## EXERCISE DETAILS
What needs reproducing is the run of lines in the data below starting at the line with "This lilac plain" and ending at the line with "Witgelakte aluminium staaf, 4", both ends included. Copy it exactly, without pictures, and add nothing.

## SOURCE DATA
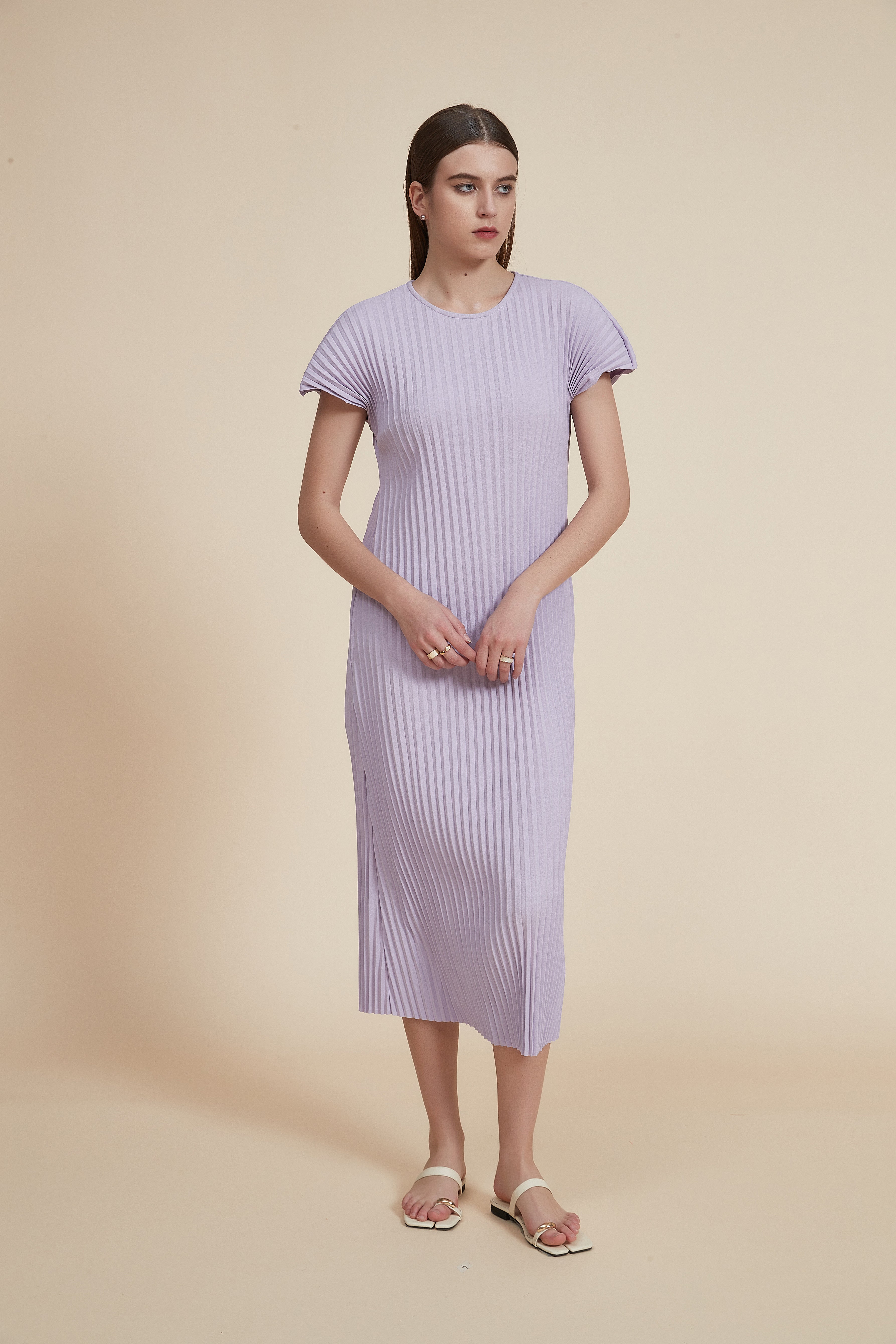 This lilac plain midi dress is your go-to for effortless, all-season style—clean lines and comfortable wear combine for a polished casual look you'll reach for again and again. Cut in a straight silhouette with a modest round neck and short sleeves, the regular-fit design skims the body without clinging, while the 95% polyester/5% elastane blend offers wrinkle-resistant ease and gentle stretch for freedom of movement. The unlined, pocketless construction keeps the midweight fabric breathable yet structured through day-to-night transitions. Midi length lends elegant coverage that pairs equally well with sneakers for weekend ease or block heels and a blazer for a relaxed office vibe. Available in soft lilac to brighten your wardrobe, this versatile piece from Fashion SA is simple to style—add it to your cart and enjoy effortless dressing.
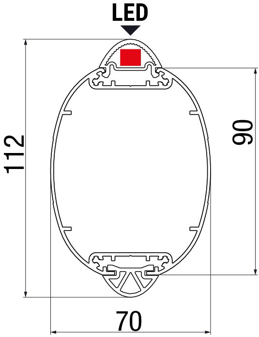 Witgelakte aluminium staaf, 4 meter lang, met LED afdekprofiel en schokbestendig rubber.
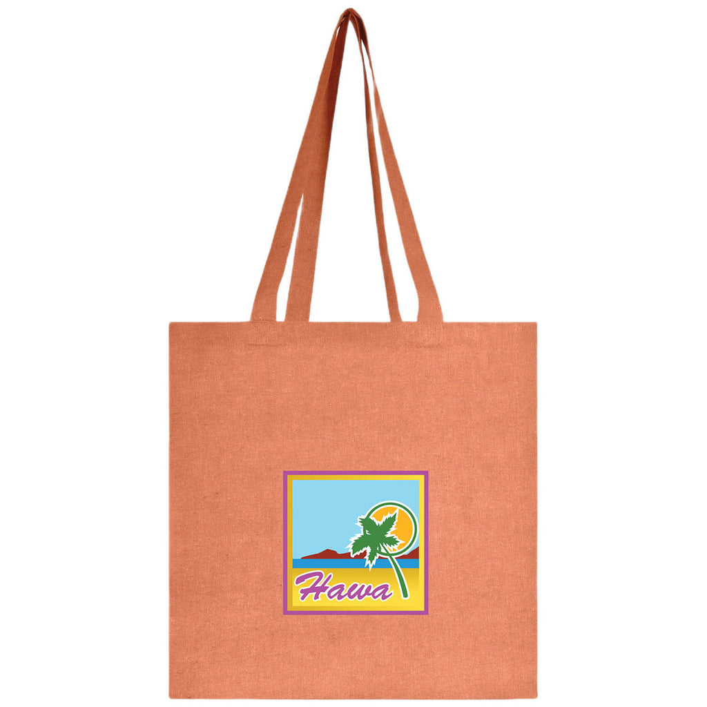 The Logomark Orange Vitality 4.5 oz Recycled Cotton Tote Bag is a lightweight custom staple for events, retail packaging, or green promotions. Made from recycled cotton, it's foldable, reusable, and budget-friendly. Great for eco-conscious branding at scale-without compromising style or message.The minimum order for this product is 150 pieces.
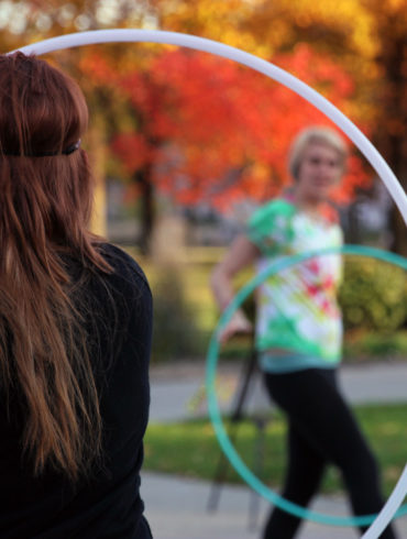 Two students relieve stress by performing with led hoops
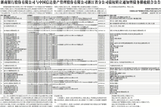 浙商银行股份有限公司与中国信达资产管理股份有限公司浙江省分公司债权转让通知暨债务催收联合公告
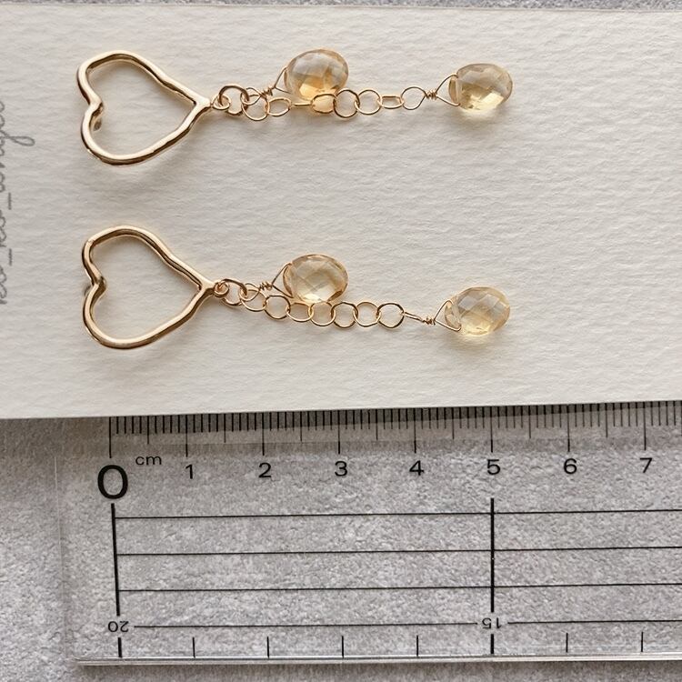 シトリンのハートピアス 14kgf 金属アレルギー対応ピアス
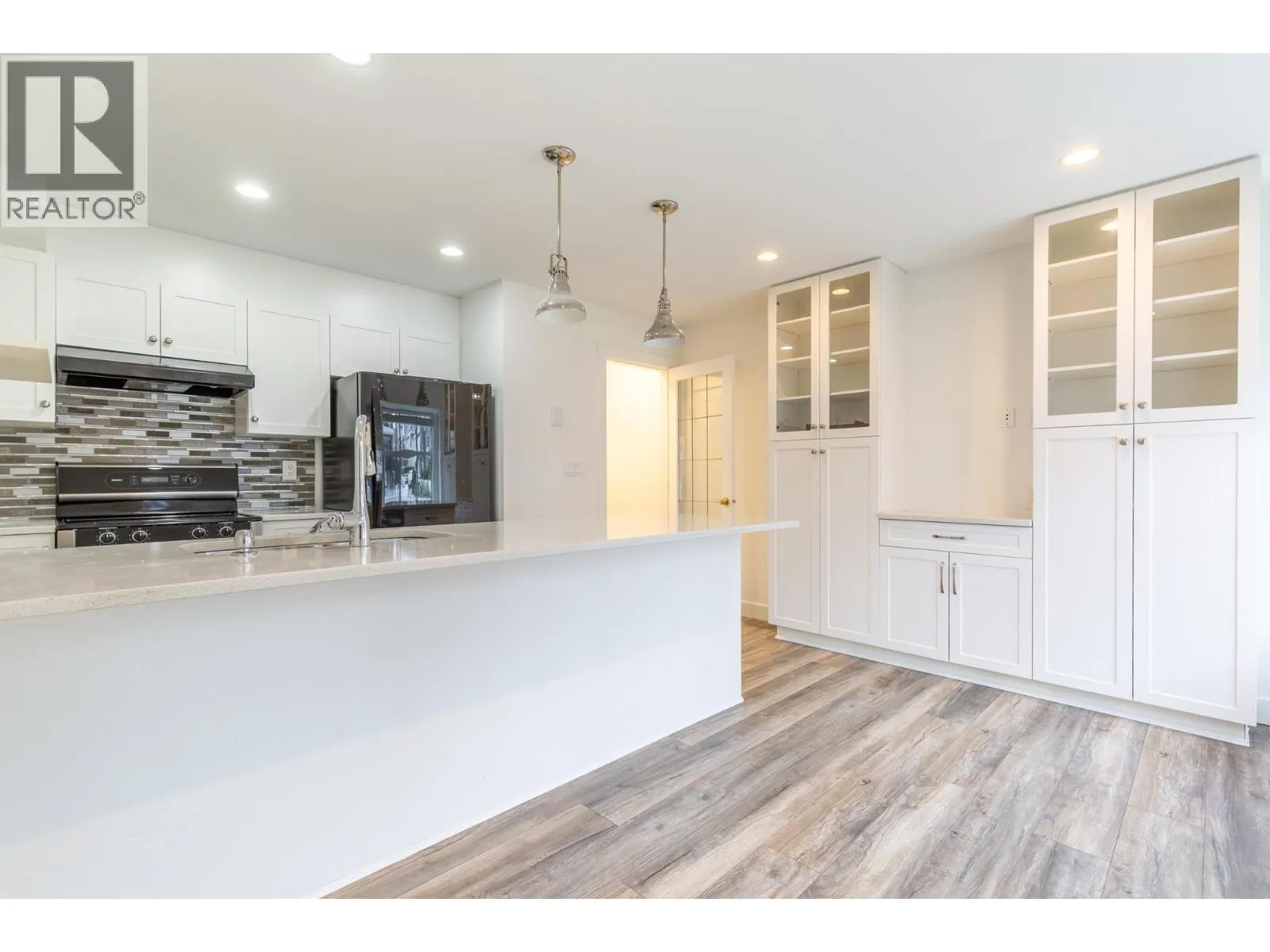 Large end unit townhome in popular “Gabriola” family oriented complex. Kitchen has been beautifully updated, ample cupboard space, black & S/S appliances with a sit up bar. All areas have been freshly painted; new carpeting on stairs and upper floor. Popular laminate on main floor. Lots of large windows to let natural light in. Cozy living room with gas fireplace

* * *

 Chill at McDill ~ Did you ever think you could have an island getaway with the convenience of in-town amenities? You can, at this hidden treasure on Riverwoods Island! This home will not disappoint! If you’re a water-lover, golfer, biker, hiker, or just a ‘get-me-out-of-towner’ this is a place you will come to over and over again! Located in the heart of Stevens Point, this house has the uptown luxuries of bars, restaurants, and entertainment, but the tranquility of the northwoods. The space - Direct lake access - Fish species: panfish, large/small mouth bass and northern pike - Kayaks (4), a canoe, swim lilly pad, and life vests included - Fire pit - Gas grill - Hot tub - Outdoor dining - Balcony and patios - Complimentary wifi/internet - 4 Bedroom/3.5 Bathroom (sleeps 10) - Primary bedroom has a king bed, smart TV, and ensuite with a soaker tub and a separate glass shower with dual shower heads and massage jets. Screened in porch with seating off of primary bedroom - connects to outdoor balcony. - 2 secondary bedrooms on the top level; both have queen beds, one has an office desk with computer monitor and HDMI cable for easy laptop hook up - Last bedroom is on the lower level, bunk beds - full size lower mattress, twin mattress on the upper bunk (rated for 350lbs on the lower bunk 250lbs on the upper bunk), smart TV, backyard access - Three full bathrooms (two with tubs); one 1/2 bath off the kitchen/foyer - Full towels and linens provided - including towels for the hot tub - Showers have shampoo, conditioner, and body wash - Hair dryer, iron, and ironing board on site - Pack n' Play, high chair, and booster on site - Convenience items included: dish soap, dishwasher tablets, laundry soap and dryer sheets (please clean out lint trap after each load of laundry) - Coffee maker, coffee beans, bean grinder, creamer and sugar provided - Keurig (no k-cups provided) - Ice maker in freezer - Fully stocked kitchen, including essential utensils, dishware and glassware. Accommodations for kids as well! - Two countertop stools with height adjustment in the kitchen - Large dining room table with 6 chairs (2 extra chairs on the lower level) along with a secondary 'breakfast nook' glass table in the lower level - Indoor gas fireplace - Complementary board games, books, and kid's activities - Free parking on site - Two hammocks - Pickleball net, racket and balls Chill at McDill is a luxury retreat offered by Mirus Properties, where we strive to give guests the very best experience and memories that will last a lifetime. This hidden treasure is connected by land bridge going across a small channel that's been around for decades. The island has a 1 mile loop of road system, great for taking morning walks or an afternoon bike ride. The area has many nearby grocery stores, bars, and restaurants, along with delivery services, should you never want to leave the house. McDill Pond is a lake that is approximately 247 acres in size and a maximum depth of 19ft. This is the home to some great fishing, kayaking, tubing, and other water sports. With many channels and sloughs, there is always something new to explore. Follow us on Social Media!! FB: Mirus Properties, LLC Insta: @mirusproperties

## SOLUTION
 This lilac plain midi dress is your go-to for effortless, all-season style—clean lines and comfortable wear combine for a polished casual look you'll reach for again and again. Cut in a straight silhouette with a modest round neck and short sleeves, the regular-fit design skims the body without clinging, while the 95% polyester/5% elastane blend offers wrinkle-resistant ease and gentle stretch for freedom of movement. The unlined, pocketless construction keeps the midweight fabric breathable yet structured through day-to-night transitions. Midi length lends elegant coverage that pairs equally well with sneakers for weekend ease or block heels and a blazer for a relaxed office vibe. Available in soft lilac to brighten your wardrobe, this versatile piece from Fashion SA is simple to style—add it to your cart and enjoy effortless dressing.
 Witgelakte aluminium staaf, 4 meter lang, met LED afdekprofiel en schokbestendig rubber.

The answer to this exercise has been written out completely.